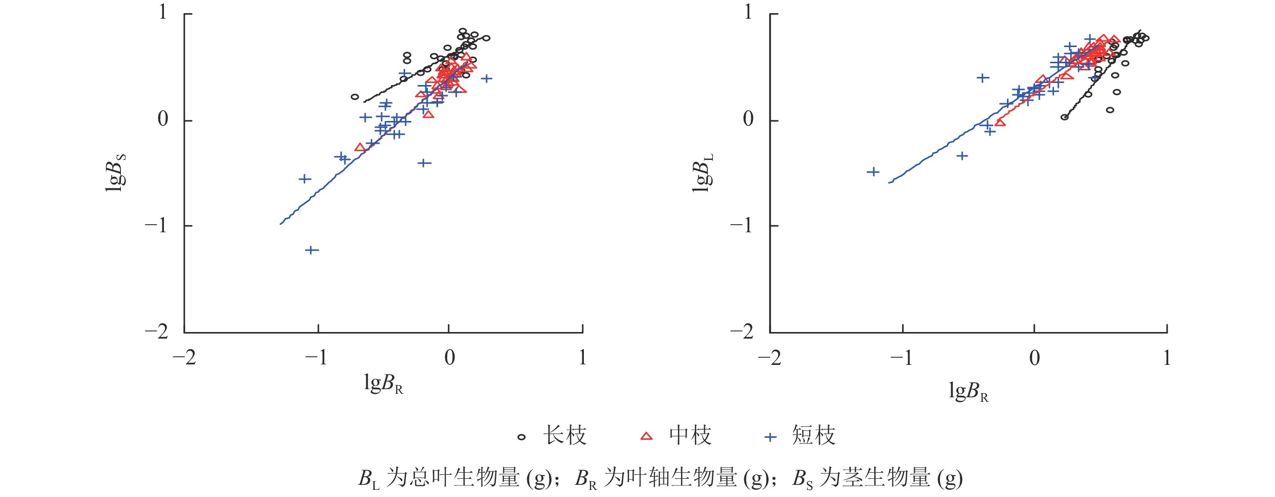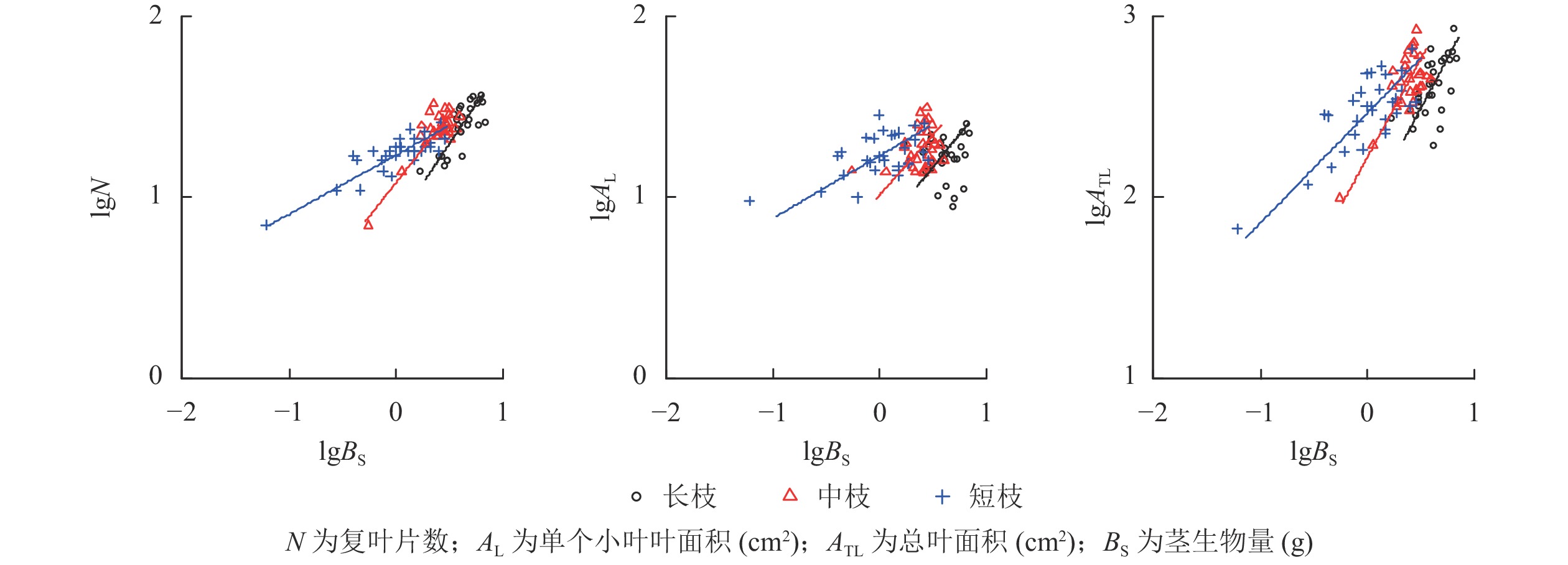 结果不同类型枝条的叶片和茎之间具有不同的生长规律,其中在总叶面积和茎生物量关系上,长枝和中枝上均为同速生长关系(斜率分别为1.170和1.135),而在短枝上为异速生长关系(斜率为0.657);在叶片生物量和茎生物量分配关系上,长枝、中枝和短枝分别表现为异速、同速、异速生长关系,回归方程的斜率依次为1.460、0.908和0.840。共同表明长枝和中枝具有更高的叶片生长能力,功能上侧重于扩展空间和光合生产,短枝的功能与有性繁殖过程有关。叶轴对叶片生长也有调节作用,在中枝和短枝上能够弥补茎对叶面积支持效率的不足,但在长枝上作用不明显。
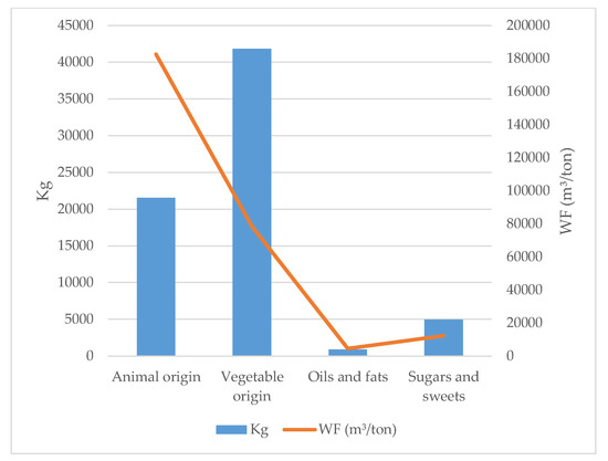 Comparing the food groups based on amount in kilograms and the WF, it was observed that foods of animal origin have a higher WF value considering the proportion of the supply in kilograms of these foods. The inverse situation between the amount in kg and WF of the food of plant origin is shown in Figure 3.
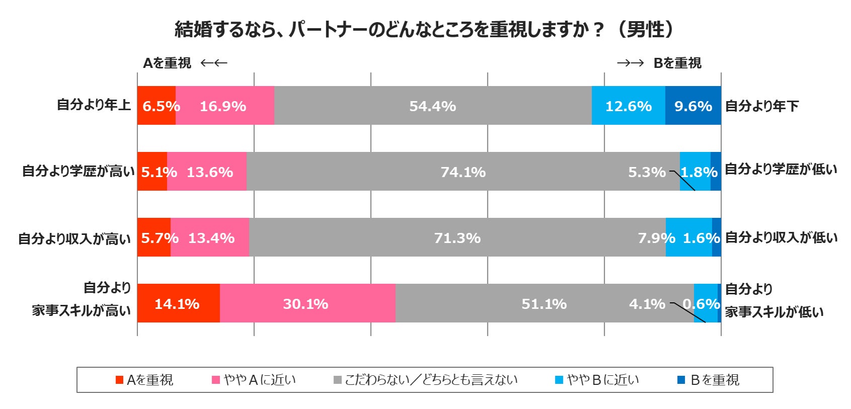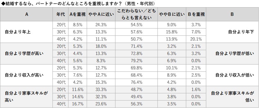 年齢、学歴、家事スキルに関してはこだわらない/どちらとも言えないと回答した人が多くを占めました。
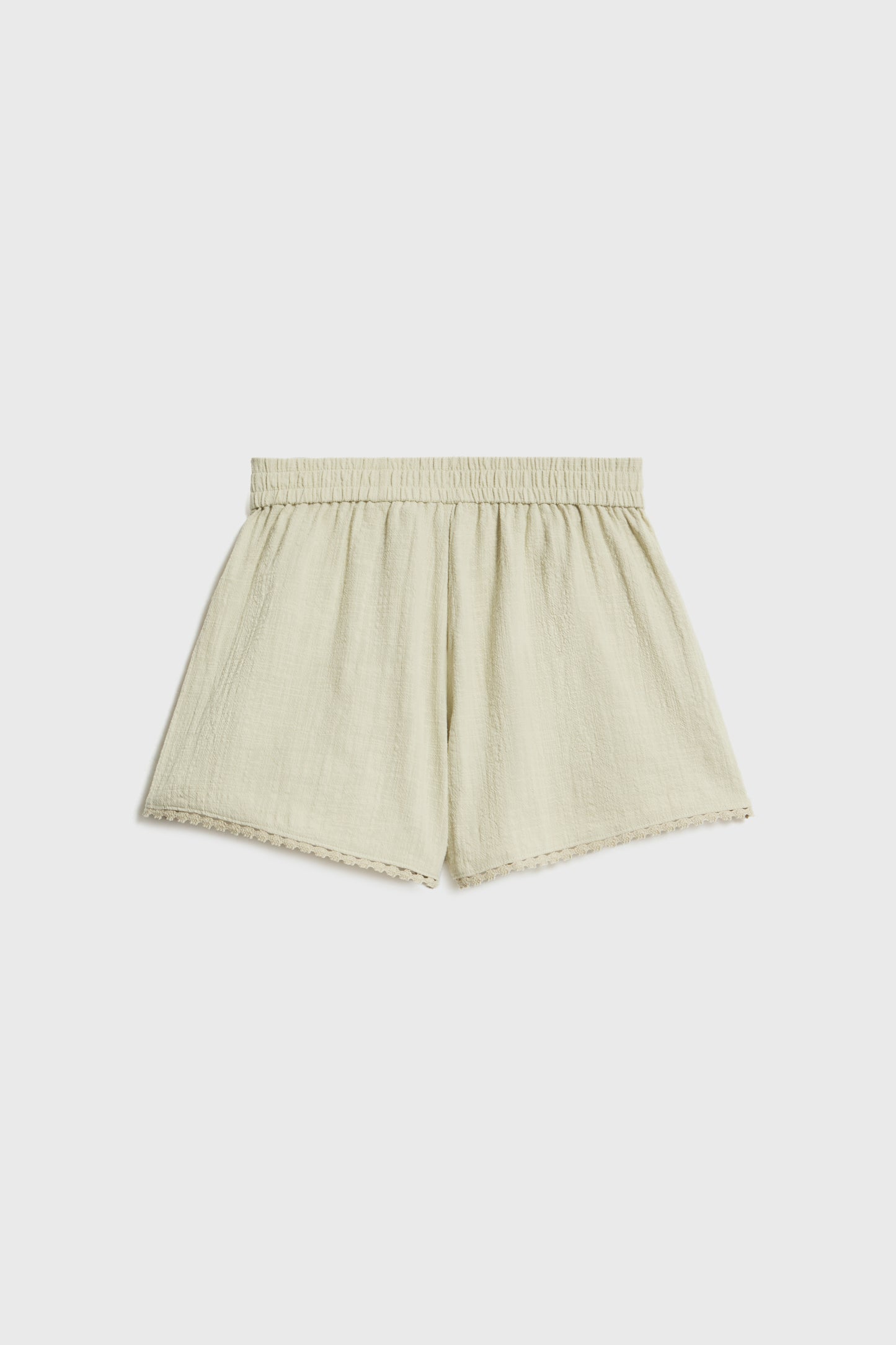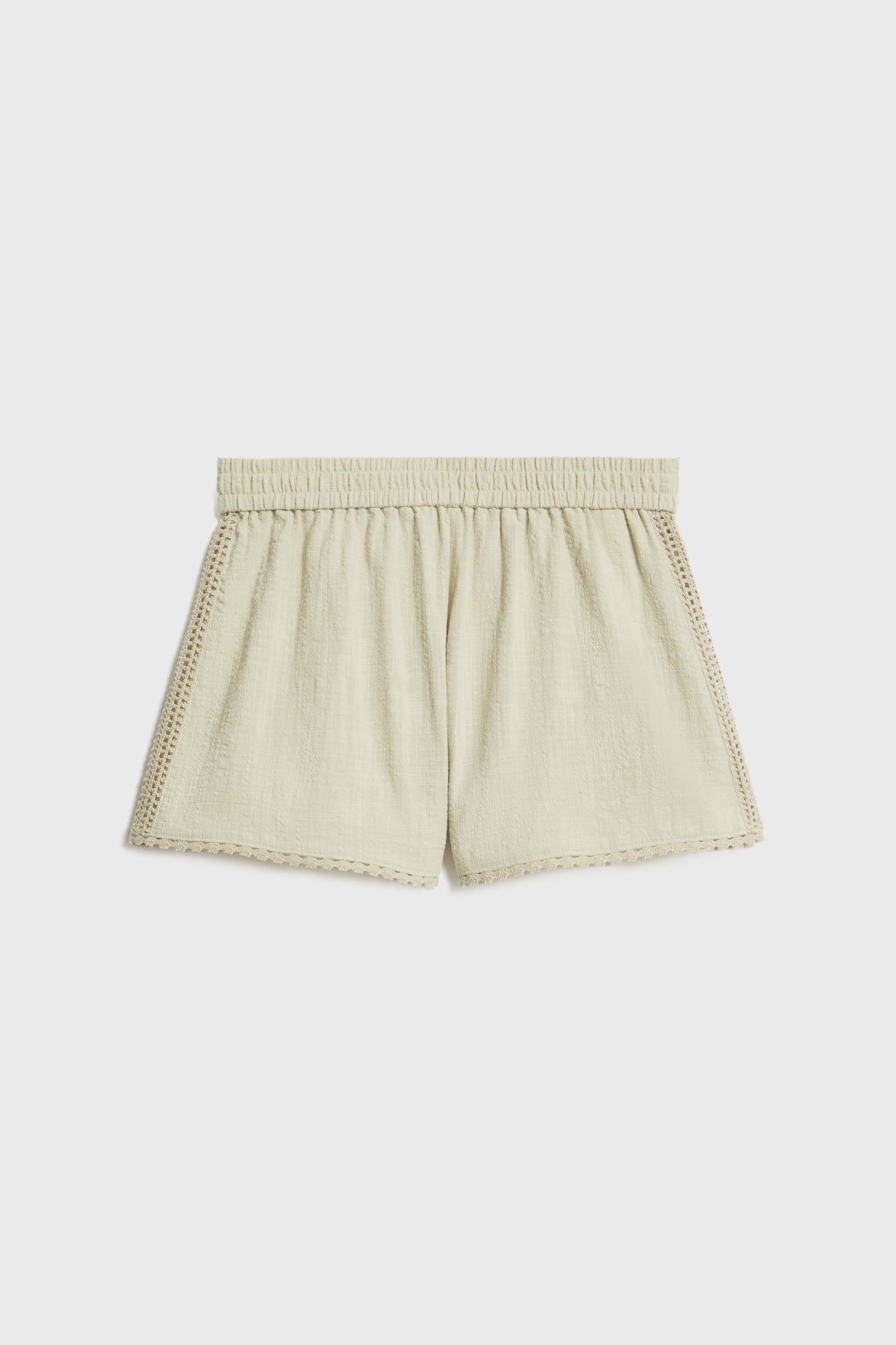 Beach shorts in cotton with crochet-look knit details. Regular waist, covered elastic at the waistband.
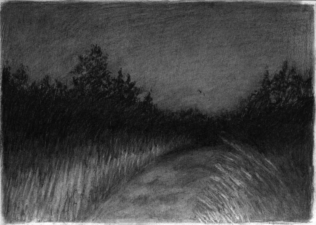 德玛黛为观众设置了手电筒,以此模拟暗夜里的观看。冷冷的风照着林影森森,树木的枝丫遮挡了前路。被汽车远光灯突兀打白的野草露出一截弯道,前方总好像充满了阻碍。皓月与路灯徒劳地反衬出黑的庞大,它无边无际地弥漫;如手电筒般短视的一小段光亮,只够画笔焦躁地记录这同样短暂的一夜,又一夜,不知尽头。
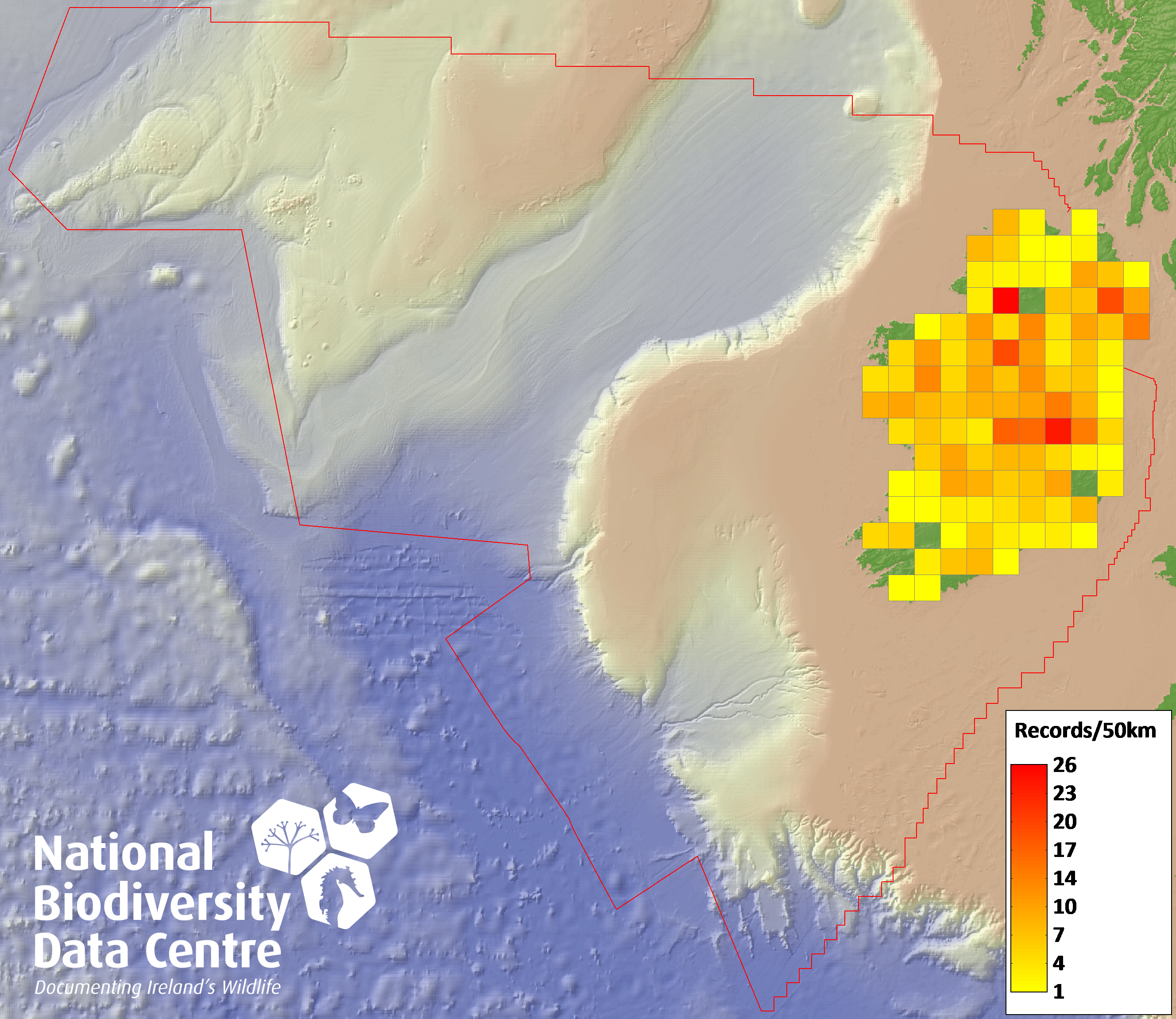 Distribution of the number of records recorded within each 10km grid square (ITM).Marine Map - 50km

#### What you have to do:
With the pictures removed, return each record above exactly as given.

#### Answer space:
 结果不同类型枝条的叶片和茎之间具有不同的生长规律,其中在总叶面积和茎生物量关系上,长枝和中枝上均为同速生长关系(斜率分别为1.170和1.135),而在短枝上为异速生长关系(斜率为0.657);在叶片生物量和茎生物量分配关系上,长枝、中枝和短枝分别表现为异速、同速、异速生长关系,回归方程的斜率依次为1.460、0.908和0.840。共同表明长枝和中枝具有更高的叶片生长能力,功能上侧重于扩展空间和光合生产,短枝的功能与有性繁殖过程有关。叶轴对叶片生长也有调节作用,在中枝和短枝上能够弥补茎对叶面积支持效率的不足,但在长枝上作用不明显。
 Comparing the food groups based on amount in kilograms and the WF, it was observed that foods of animal origin have a higher WF value considering the proportion of the supply in kilograms of these foods. The inverse situation between the amount in kg and WF of the food of plant origin is shown in Figure 3.
 年齢、学歴、家事スキルに関してはこだわらない/どちらとも言えないと回答した人が多くを占めました。
 Beach shorts in cotton with crochet-look knit details. Regular waist, covered elastic at the waistband.
 德玛黛为观众设置了手电筒,以此模拟暗夜里的观看。冷冷的风照着林影森森,树木的枝丫遮挡了前路。被汽车远光灯突兀打白的野草露出一截弯道,前方总好像充满了阻碍。皓月与路灯徒劳地反衬出黑的庞大,它无边无际地弥漫;如手电筒般短视的一小段光亮,只够画笔焦躁地记录这同样短暂的一夜,又一夜,不知尽头。
 Distribution of the number of records recorded within each 10km grid square (ITM).Marine Map - 50km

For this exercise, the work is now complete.